## [REQUIRED ACTION]
Your task is to print, exactly and only, the lines from the start of the entries below through the line with "North Korea) |". Include both ends, but skip the pictures.

Collected data entries:

◇ ◇ ◇

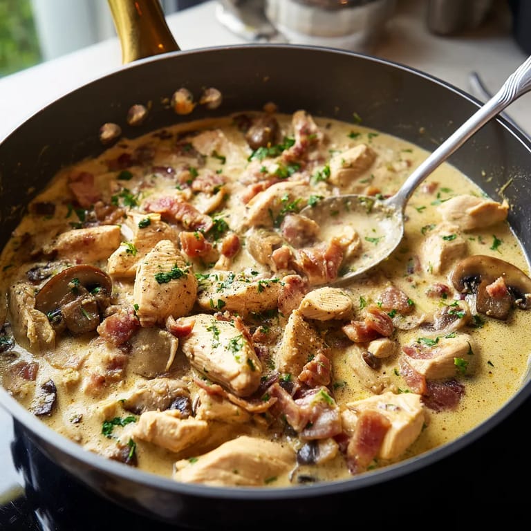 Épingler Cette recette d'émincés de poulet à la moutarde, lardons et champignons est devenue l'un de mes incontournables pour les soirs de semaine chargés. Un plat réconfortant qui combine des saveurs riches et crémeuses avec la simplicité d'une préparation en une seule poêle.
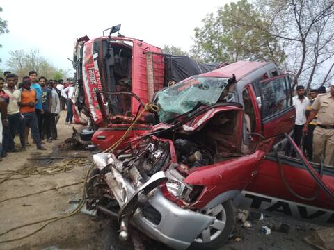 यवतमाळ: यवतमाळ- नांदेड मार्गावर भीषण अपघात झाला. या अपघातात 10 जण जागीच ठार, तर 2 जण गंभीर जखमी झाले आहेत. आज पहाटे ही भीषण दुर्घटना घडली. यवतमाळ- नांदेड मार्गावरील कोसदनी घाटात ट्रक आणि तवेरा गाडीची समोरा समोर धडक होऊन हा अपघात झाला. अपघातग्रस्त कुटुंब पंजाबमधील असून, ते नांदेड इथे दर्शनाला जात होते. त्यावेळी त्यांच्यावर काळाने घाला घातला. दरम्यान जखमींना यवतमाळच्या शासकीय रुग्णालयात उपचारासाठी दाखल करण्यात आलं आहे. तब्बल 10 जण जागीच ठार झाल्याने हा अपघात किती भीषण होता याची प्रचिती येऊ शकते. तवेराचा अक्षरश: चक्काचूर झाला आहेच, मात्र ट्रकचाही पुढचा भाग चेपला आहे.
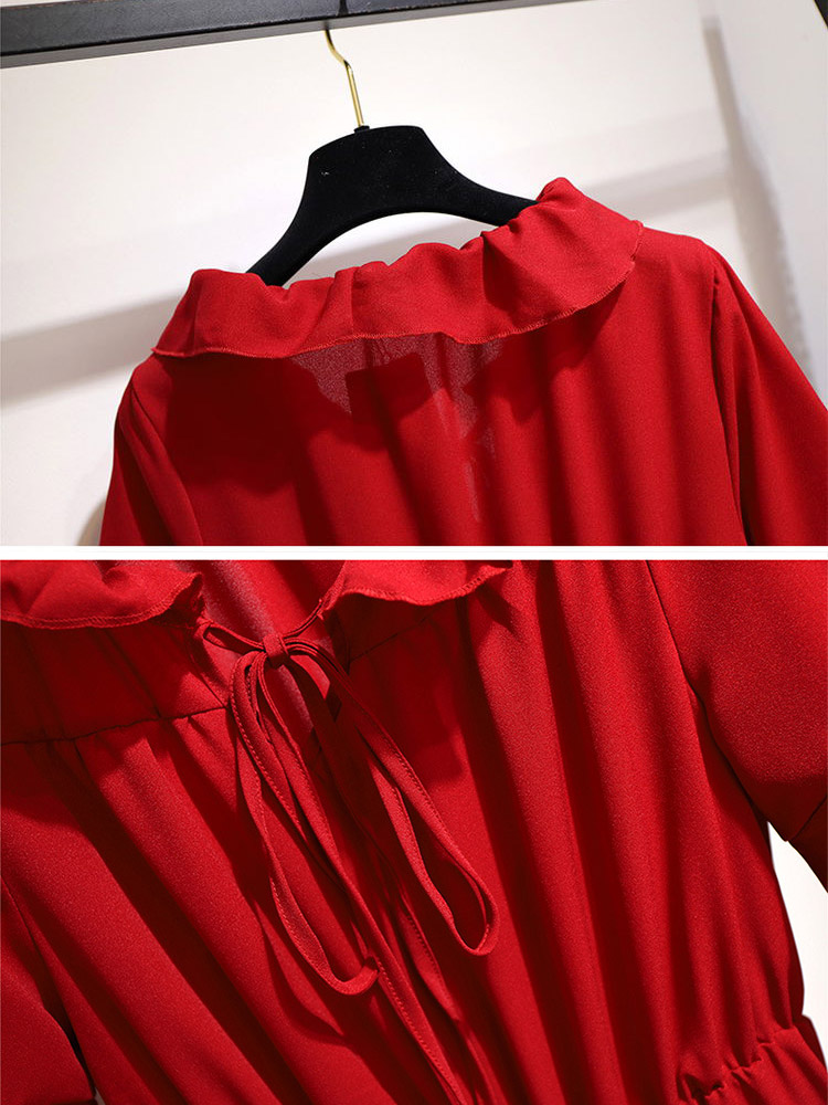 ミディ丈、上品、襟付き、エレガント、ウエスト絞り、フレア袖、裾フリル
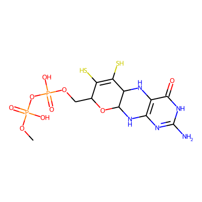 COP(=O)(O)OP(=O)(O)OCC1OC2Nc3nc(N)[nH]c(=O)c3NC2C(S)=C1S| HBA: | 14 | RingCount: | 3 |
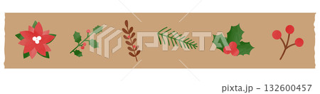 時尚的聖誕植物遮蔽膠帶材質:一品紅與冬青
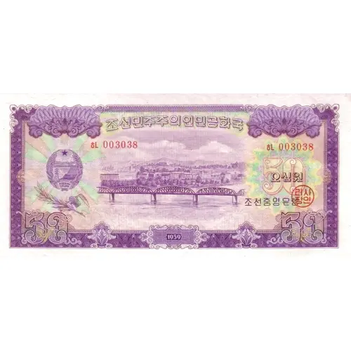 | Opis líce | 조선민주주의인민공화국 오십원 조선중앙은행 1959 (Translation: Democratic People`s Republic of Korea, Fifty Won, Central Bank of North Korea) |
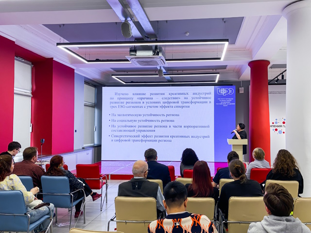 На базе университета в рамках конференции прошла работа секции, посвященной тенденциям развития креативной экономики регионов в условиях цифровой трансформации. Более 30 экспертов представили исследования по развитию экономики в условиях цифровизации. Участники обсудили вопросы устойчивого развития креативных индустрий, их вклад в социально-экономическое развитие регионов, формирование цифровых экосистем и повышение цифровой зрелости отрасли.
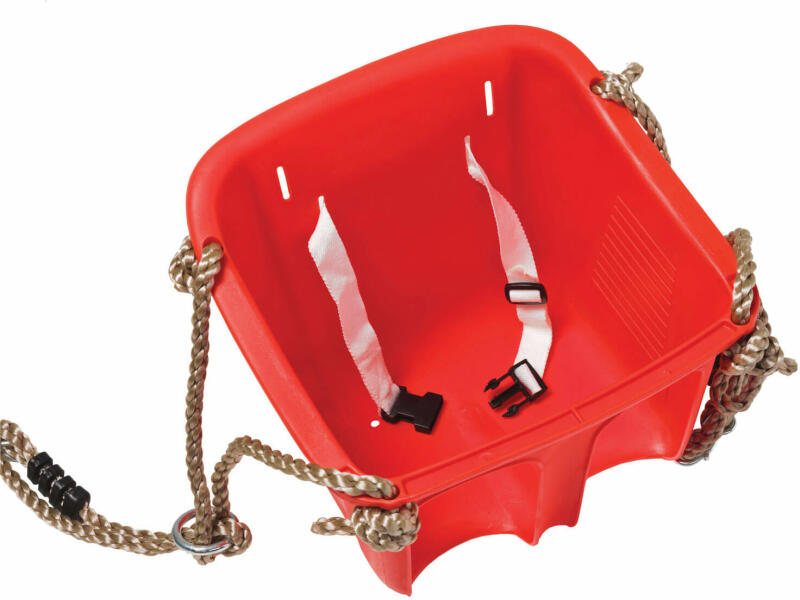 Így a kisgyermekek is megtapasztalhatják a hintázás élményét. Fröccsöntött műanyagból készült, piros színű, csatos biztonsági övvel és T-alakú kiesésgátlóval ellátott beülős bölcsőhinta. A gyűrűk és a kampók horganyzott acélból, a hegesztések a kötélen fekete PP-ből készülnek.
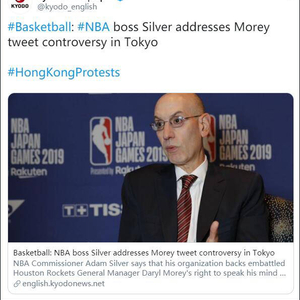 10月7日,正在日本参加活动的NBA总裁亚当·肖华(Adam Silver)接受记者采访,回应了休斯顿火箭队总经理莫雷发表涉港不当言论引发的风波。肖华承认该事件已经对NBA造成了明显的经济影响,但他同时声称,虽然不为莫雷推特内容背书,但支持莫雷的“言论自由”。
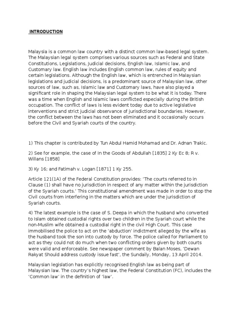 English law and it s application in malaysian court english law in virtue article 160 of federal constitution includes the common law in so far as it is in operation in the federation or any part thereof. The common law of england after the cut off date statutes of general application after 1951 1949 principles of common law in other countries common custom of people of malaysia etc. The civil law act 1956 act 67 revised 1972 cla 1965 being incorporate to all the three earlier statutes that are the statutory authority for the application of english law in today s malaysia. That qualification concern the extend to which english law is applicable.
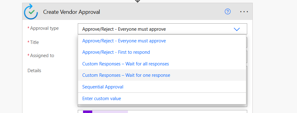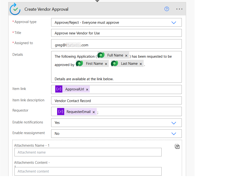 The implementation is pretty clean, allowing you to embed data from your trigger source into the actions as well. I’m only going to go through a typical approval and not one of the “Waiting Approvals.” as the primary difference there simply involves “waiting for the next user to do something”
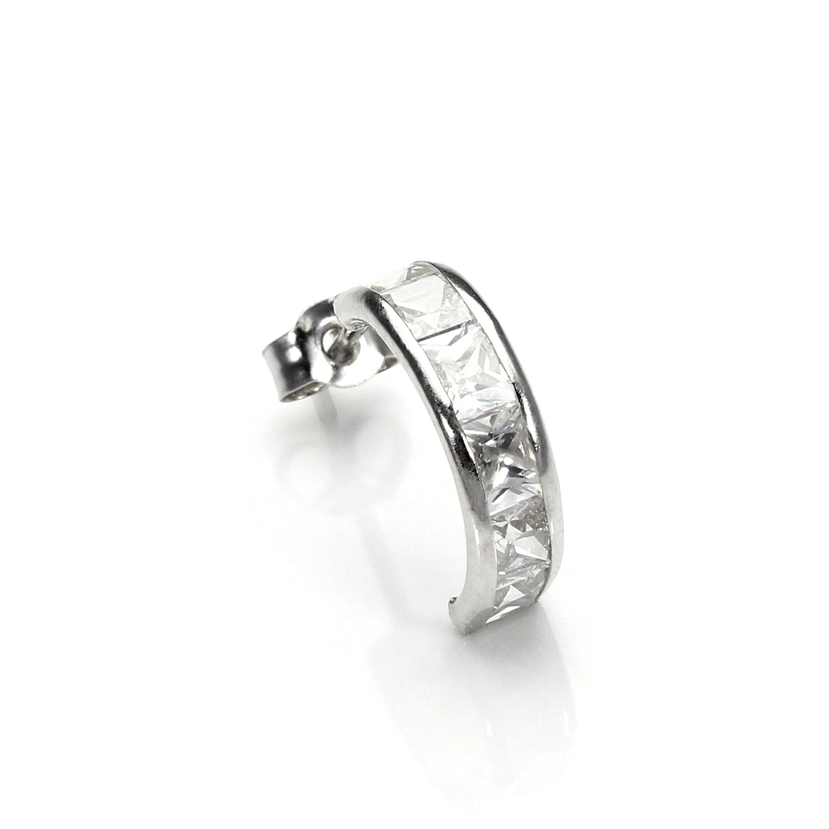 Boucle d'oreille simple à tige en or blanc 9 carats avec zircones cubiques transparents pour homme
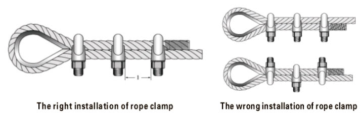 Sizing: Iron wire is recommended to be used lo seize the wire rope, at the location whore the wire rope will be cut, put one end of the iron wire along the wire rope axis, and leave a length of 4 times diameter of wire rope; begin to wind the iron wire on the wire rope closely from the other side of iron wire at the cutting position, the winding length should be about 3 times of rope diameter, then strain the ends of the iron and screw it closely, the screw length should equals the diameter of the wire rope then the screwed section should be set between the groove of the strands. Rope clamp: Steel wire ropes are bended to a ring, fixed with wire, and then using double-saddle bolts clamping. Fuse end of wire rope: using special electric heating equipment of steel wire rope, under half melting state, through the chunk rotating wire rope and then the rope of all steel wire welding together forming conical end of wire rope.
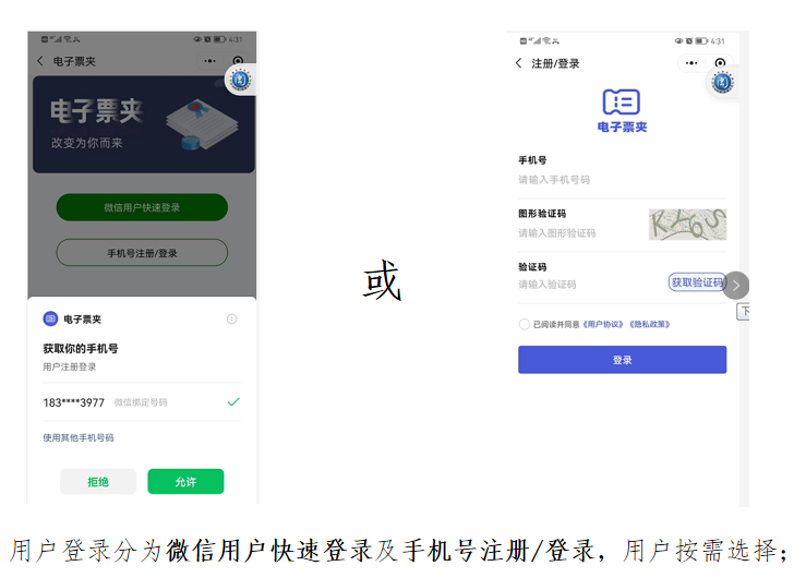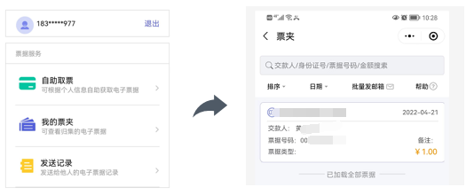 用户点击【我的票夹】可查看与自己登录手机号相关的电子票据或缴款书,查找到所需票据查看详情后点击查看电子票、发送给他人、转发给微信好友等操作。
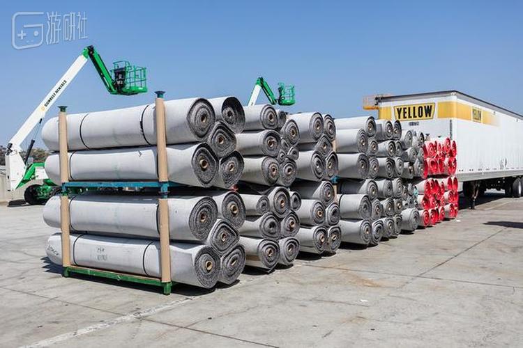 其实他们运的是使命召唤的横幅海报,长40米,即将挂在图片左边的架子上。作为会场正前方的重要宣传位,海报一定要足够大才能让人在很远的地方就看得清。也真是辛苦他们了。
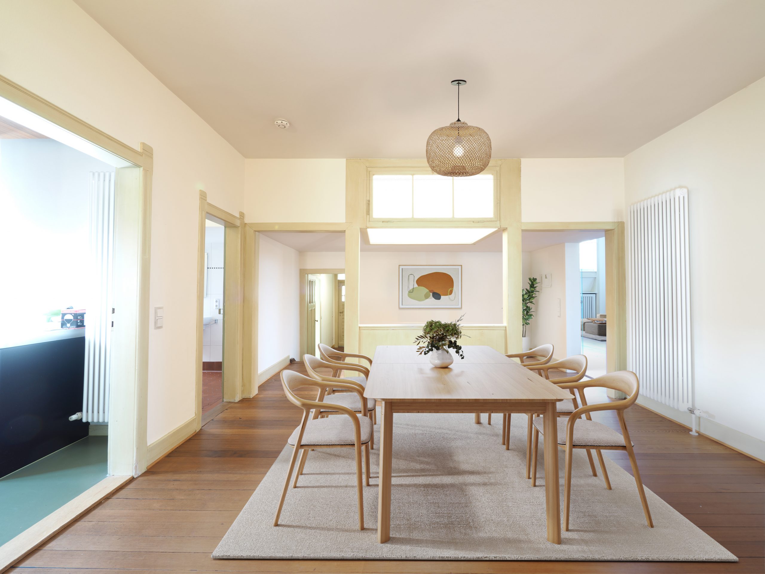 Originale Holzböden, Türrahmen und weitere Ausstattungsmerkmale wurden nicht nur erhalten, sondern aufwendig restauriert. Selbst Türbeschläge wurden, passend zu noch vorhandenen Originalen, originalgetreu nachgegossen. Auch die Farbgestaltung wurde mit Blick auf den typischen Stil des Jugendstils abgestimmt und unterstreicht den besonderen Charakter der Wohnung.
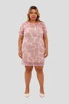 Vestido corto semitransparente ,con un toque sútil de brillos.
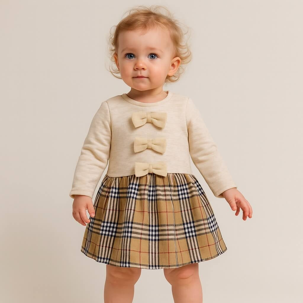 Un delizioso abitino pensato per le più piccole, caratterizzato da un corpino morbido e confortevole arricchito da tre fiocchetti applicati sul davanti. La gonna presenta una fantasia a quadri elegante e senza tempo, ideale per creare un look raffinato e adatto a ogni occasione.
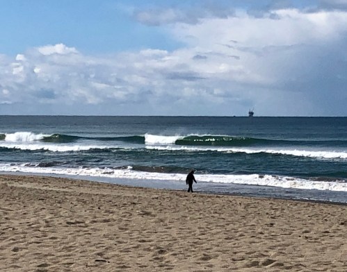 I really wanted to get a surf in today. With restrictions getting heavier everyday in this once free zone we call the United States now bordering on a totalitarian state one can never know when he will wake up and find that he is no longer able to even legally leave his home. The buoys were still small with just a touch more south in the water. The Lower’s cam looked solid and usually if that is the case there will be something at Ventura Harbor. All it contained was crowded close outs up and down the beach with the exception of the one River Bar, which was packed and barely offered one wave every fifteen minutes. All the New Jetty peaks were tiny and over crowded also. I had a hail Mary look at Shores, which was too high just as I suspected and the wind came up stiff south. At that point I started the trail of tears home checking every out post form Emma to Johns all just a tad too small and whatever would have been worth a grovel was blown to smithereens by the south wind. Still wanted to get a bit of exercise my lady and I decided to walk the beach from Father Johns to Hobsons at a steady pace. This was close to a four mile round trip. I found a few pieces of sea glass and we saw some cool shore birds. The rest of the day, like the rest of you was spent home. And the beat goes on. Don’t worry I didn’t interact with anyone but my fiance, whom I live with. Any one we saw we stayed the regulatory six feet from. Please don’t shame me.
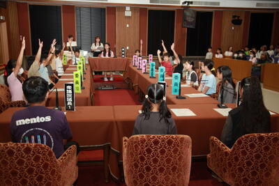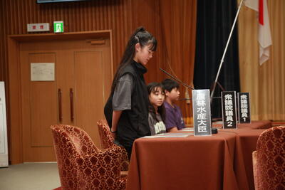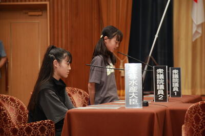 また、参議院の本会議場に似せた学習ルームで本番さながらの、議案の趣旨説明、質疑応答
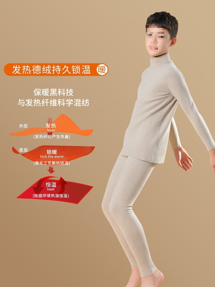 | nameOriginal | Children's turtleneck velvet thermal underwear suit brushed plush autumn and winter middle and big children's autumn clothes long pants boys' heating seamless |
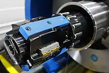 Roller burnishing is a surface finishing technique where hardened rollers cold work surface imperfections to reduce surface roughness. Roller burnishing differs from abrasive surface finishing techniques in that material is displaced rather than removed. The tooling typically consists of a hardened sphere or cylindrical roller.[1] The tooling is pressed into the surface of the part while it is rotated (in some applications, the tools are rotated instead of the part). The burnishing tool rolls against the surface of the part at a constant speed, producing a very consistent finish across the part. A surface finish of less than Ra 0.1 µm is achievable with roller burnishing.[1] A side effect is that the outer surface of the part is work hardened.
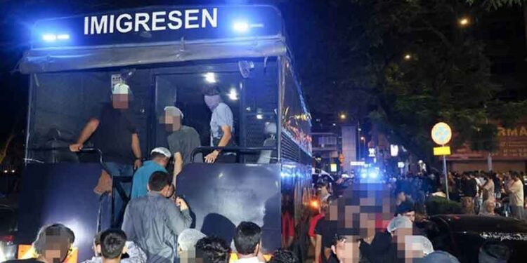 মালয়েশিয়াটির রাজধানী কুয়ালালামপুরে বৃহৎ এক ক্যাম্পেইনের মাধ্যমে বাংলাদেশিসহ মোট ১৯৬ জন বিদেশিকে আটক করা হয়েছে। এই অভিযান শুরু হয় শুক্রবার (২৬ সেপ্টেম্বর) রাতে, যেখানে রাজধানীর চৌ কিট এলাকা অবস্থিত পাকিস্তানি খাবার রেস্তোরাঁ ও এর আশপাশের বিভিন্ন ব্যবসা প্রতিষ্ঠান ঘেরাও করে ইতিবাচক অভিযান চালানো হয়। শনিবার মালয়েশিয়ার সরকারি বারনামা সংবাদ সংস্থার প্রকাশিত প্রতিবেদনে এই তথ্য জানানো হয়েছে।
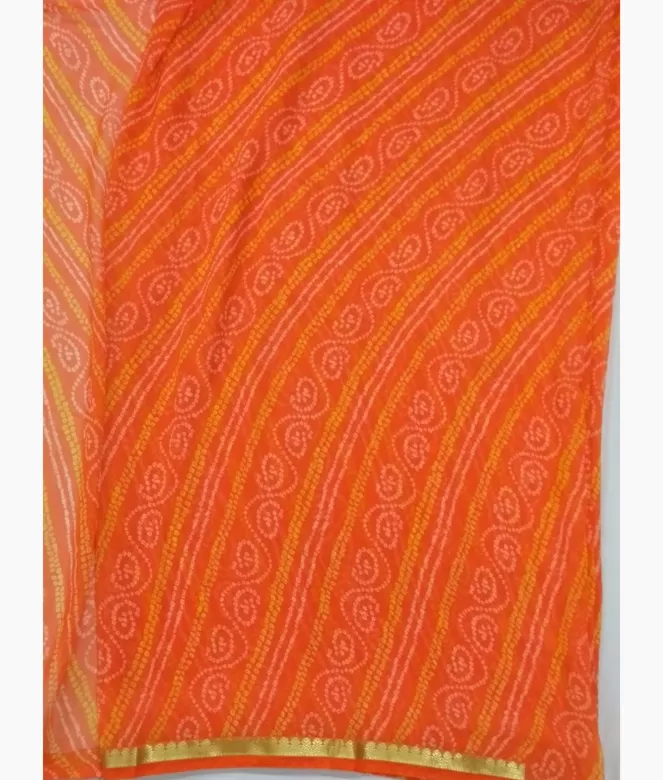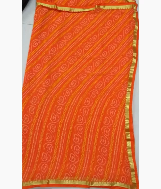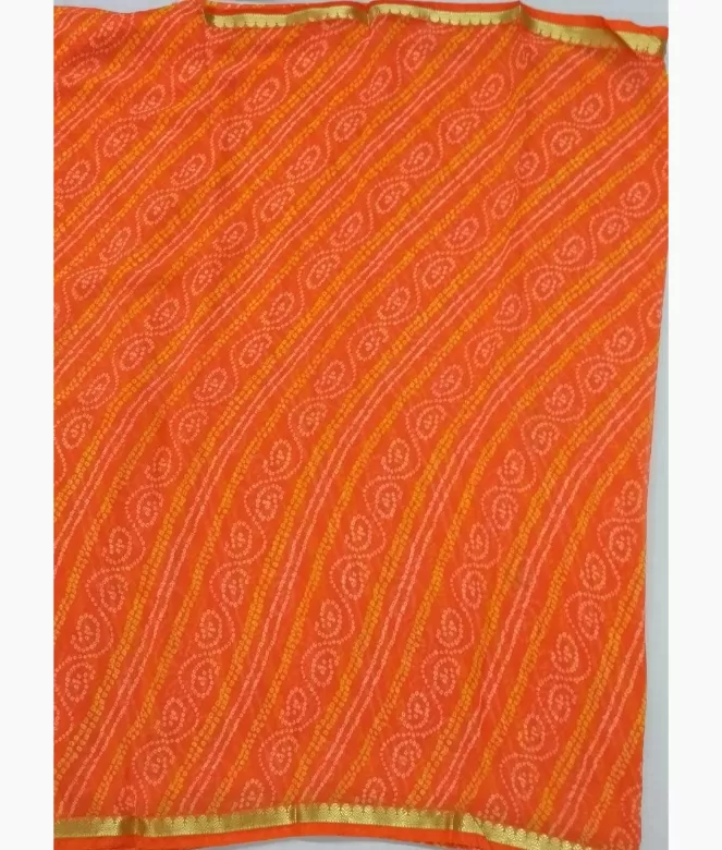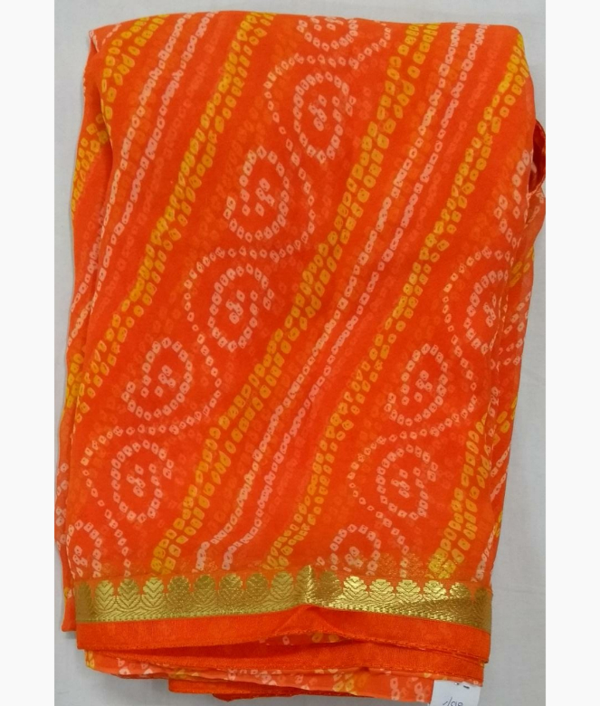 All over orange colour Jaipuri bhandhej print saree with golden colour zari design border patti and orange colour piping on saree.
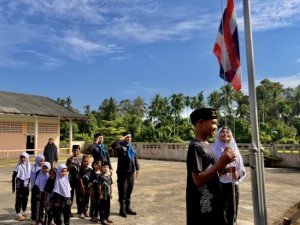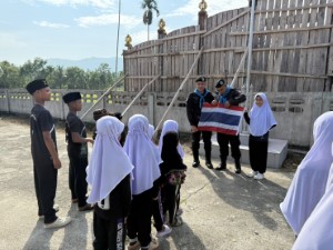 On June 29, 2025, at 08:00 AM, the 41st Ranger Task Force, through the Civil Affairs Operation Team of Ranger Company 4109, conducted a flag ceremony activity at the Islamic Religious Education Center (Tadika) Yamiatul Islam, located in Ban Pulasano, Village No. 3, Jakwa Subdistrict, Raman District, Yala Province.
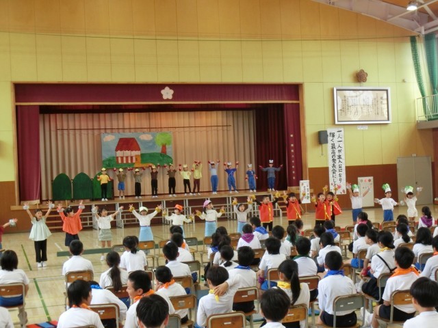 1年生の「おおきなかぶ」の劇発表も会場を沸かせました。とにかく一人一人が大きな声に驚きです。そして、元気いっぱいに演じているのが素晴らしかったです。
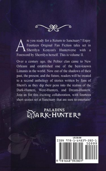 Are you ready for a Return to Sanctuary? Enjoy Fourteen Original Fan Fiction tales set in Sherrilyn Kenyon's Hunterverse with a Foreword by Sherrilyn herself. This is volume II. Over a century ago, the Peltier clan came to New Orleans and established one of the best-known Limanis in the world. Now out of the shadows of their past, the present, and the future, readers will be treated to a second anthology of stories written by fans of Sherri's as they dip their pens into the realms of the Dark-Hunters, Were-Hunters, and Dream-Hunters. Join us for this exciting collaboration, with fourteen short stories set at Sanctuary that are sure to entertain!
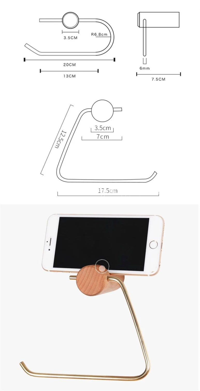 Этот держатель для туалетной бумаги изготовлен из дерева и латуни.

◇ ◇ ◇

## [REPLY TO THE TASK]
 Épingler Cette recette d'émincés de poulet à la moutarde, lardons et champignons est devenue l'un de mes incontournables pour les soirs de semaine chargés. Un plat réconfortant qui combine des saveurs riches et crémeuses avec la simplicité d'une préparation en une seule poêle.
 यवतमाळ: यवतमाळ- नांदेड मार्गावर भीषण अपघात झाला. या अपघातात 10 जण जागीच ठार, तर 2 जण गंभीर जखमी झाले आहेत. आज पहाटे ही भीषण दुर्घटना घडली. यवतमाळ- नांदेड मार्गावरील कोसदनी घाटात ट्रक आणि तवेरा गाडीची समोरा समोर धडक होऊन हा अपघात झाला. अपघातग्रस्त कुटुंब पंजाबमधील असून, ते नांदेड इथे दर्शनाला जात होते. त्यावेळी त्यांच्यावर काळाने घाला घातला. दरम्यान जखमींना यवतमाळच्या शासकीय रुग्णालयात उपचारासाठी दाखल करण्यात आलं आहे. तब्बल 10 जण जागीच ठार झाल्याने हा अपघात किती भीषण होता याची प्रचिती येऊ शकते. तवेराचा अक्षरश: चक्काचूर झाला आहेच, मात्र ट्रकचाही पुढचा भाग चेपला आहे.
 ミディ丈、上品、襟付き、エレガント、ウエスト絞り、フレア袖、裾フリル
 COP(=O)(O)OP(=O)(O)OCC1OC2Nc3nc(N)[nH]c(=O)c3NC2C(S)=C1S| HBA: | 14 | RingCount: | 3 |
 時尚的聖誕植物遮蔽膠帶材質:一品紅與冬青
 | Opis líce | 조선민주주의인민공화국 오십원 조선중앙은행 1959 (Translation: Democratic People`s Republic of Korea, Fifty Won, Central Bank of North Korea) |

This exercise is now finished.